The defendant stated that the logs had become loose, prompting him to
make the wide turn. The defendant stated
that he pulled into the Mobil station to secure the logs and then changed his
mind.
(FN3.)
The defendant stated that he neither saw the cruiser's lights nor heard the
cruiser's siren until halfway down Lowther Road, and
that he did not pull over until the end of Lowther
Road because he did not want to disturb any of the residences. He also indicated that he was swerving so as
to avoid the numerous parked cars on Lowther Road.
(FN4.)
From the time that the truck was stopped until the time the defendant was taken
to the police station for booking purposes, three more cruisers arrived at the
scene.
(FN5.)
The defendant has not raised any arguments under the Fifth Amendment to the
United States Constitution.
(FN6.)
Article 12 of the Massachusetts Declaration of Rights states in pertinent
part: "No subject shall be held to
answer for any crimes or offence, until the same is fully and plainly,
substantially and formally, described to him;
or be compelled to accuse, or furnish evidence against himself."
(FN7.)
Field sobriety tests are dexterity tests.
Therefore, because the test results are based on the subject's loss of
coordination, rather than his subjective knowledge of the crime, the test
results constitute real or physical evidence. Commonwealth v.

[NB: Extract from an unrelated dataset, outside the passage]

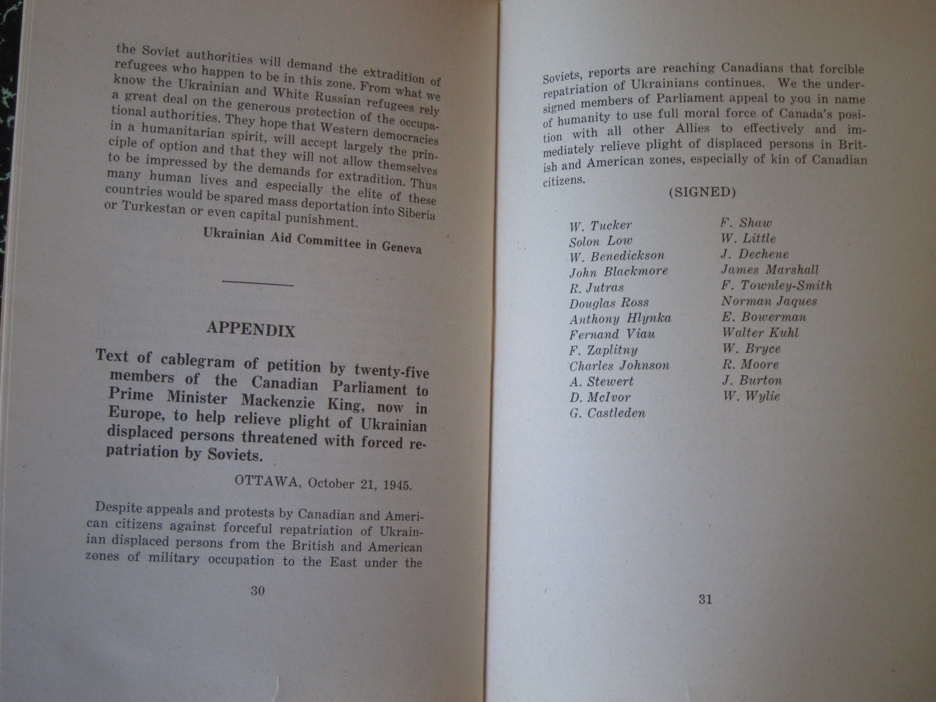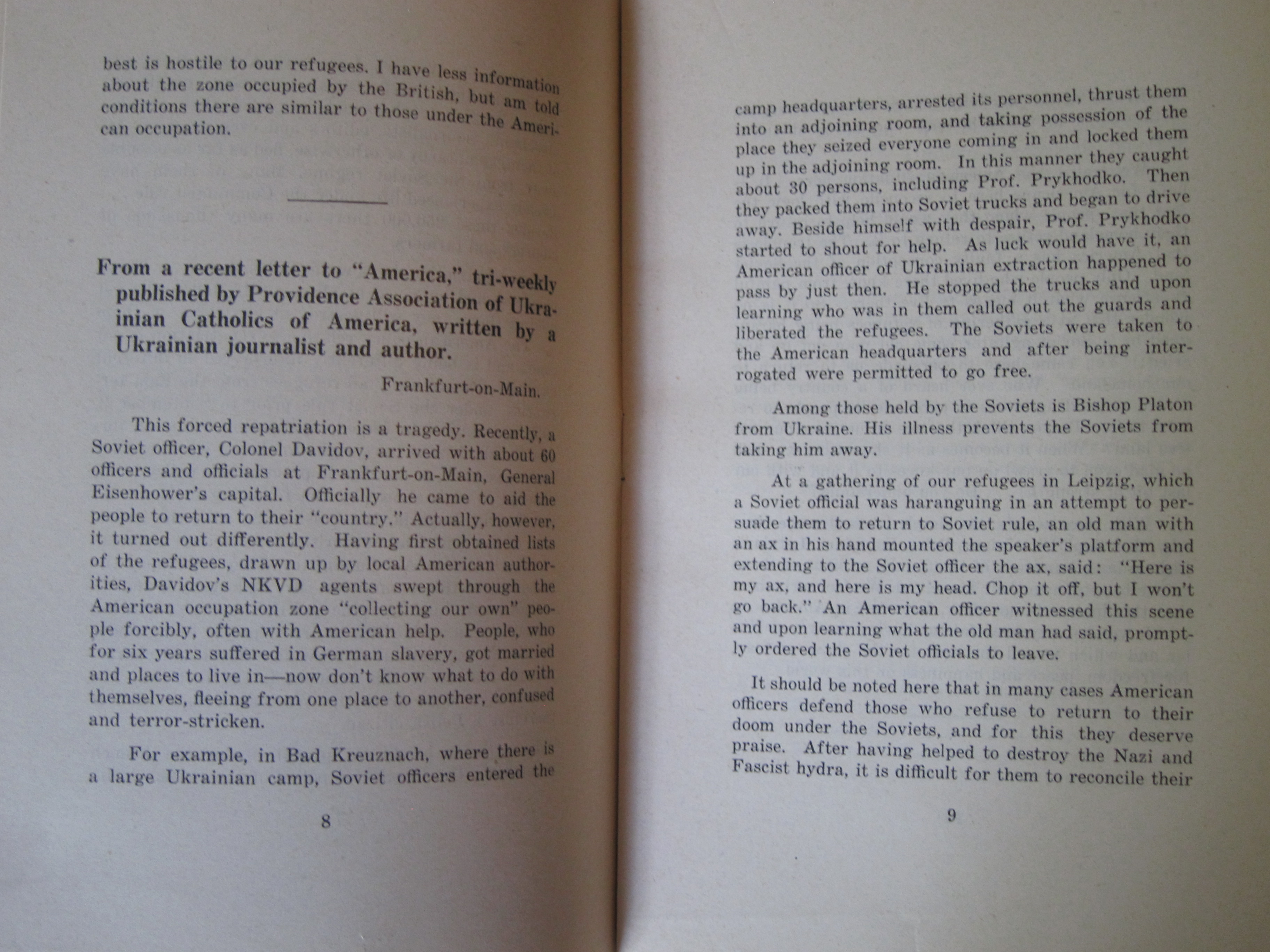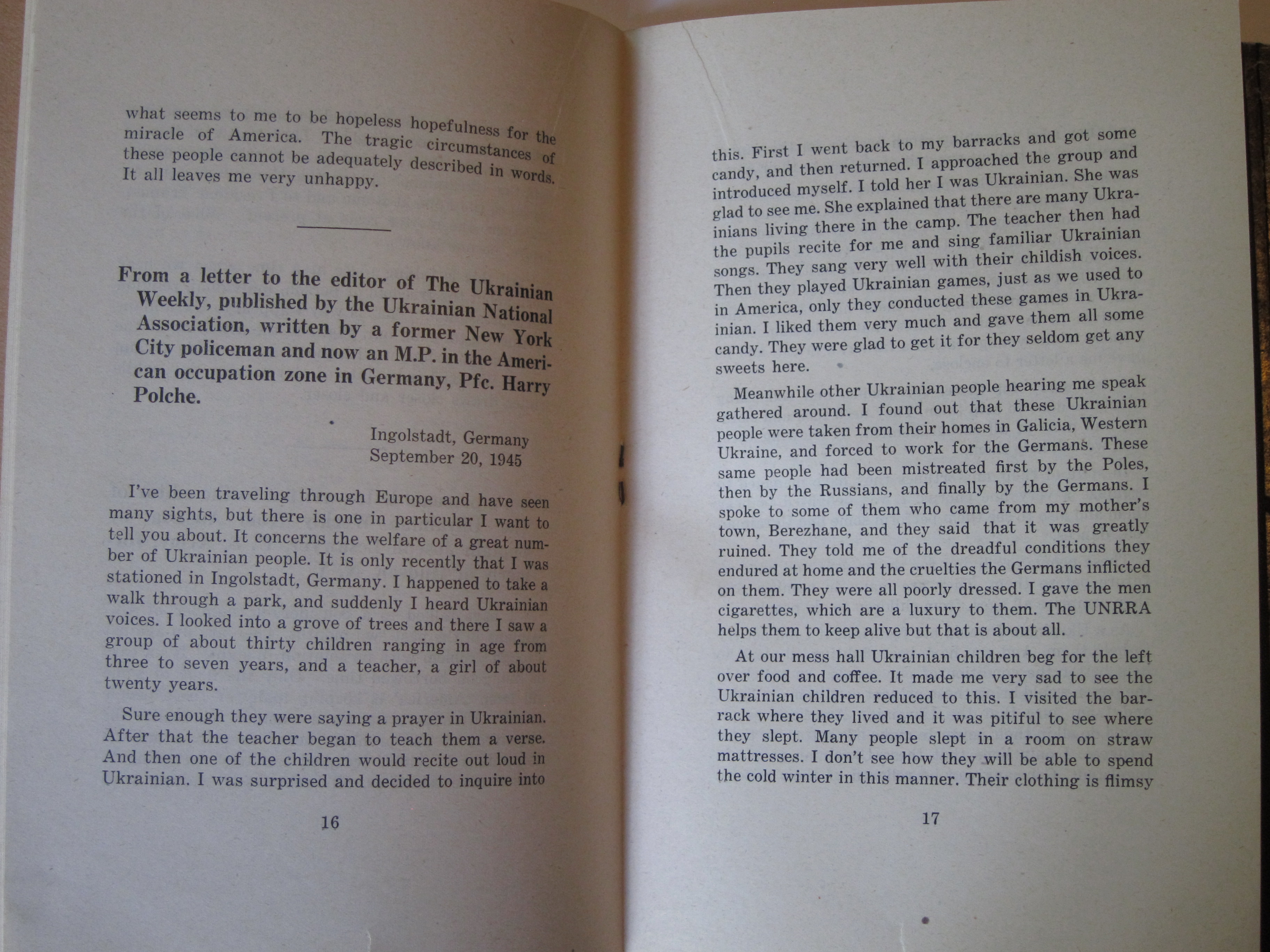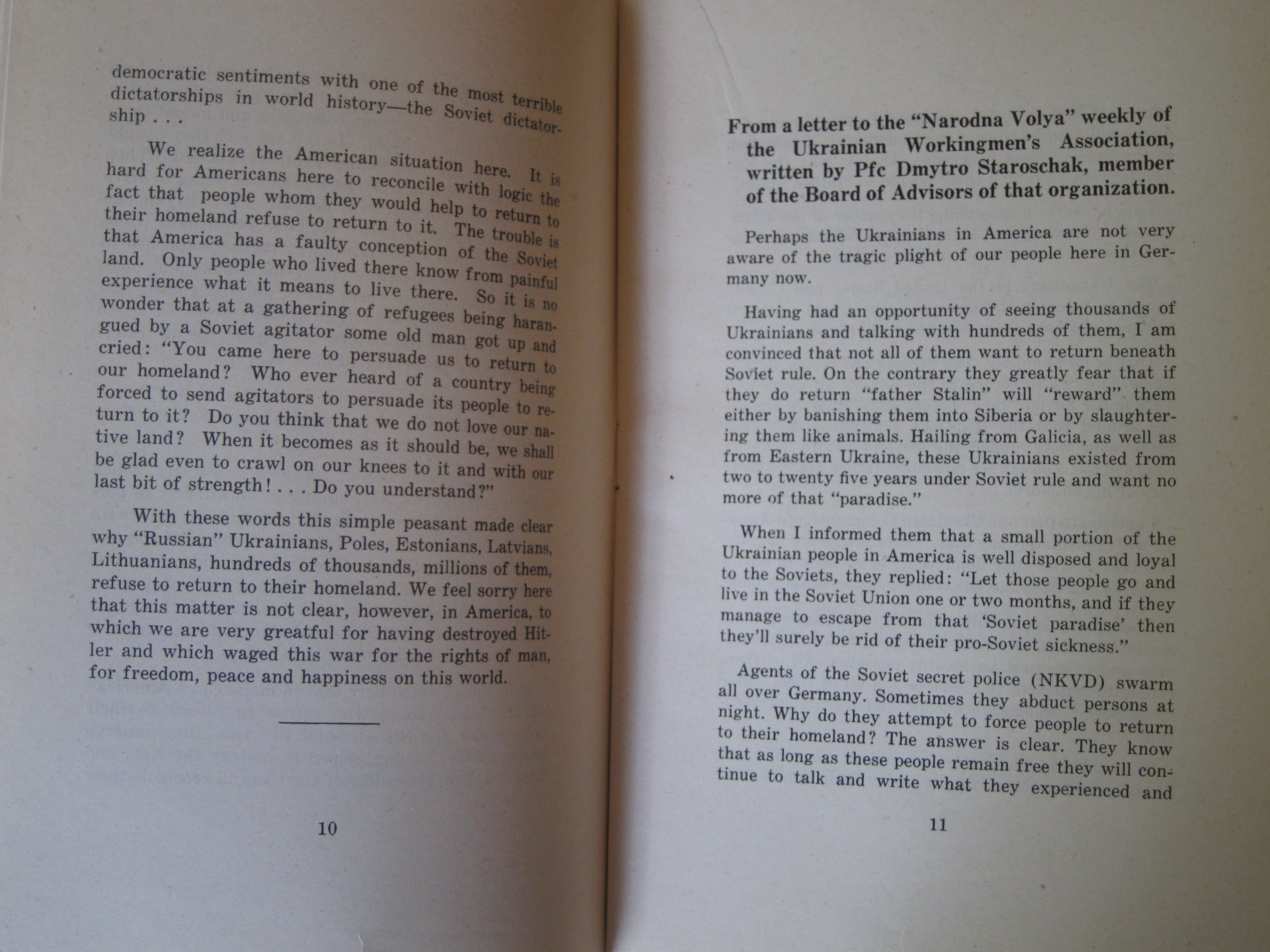 I've reprinted the full text below. (Plight of Ukrainian DPs : a few typical letters of many being received daily from Europe describing the tragic plight of Ukrainian displaced persons whom the Soviets would forcibly repatriate and doom to enslavement, persecution or death, ca. 1945/6, or 1945 according to WorldCat/OCLC.)

Brennan,
386 Mass. 772, 779, 783, 438 N.E.2d 60 (1982).
(FN8.)
The language of the proposed statute stated in pertinent part: "Evidence that the defendant failed or
refused to consent to [a breathalyzer] test or analysis shall not be admissible
in a civil proceeding, but shall be admissible in a criminal
proceeding...." Opinion of the Justices, 412 Mass. 1201,
1202, 591 N.E.2d 1073 (1992).
(FN9.)
The Commonwealth contends that the officer's request that the defendant perform
a field sobriety test was merely part of a threshold inquiry during a routine
traffic stop, and therefore, there was no indicia of compulsion implicit in the
situation. Terry v. Ohio, 392 U.S. 1, 29, 88 S.Ct. 1868, 1884, 20 L.Ed.2d 889 (1968). While we acknowledge that police officers are
permitted to make limited inquiries as part of a Terry‑type stop to obtain information confirming or
dispelling the officers' suspicions, we do not agree that that principle
determines the outcome of this case.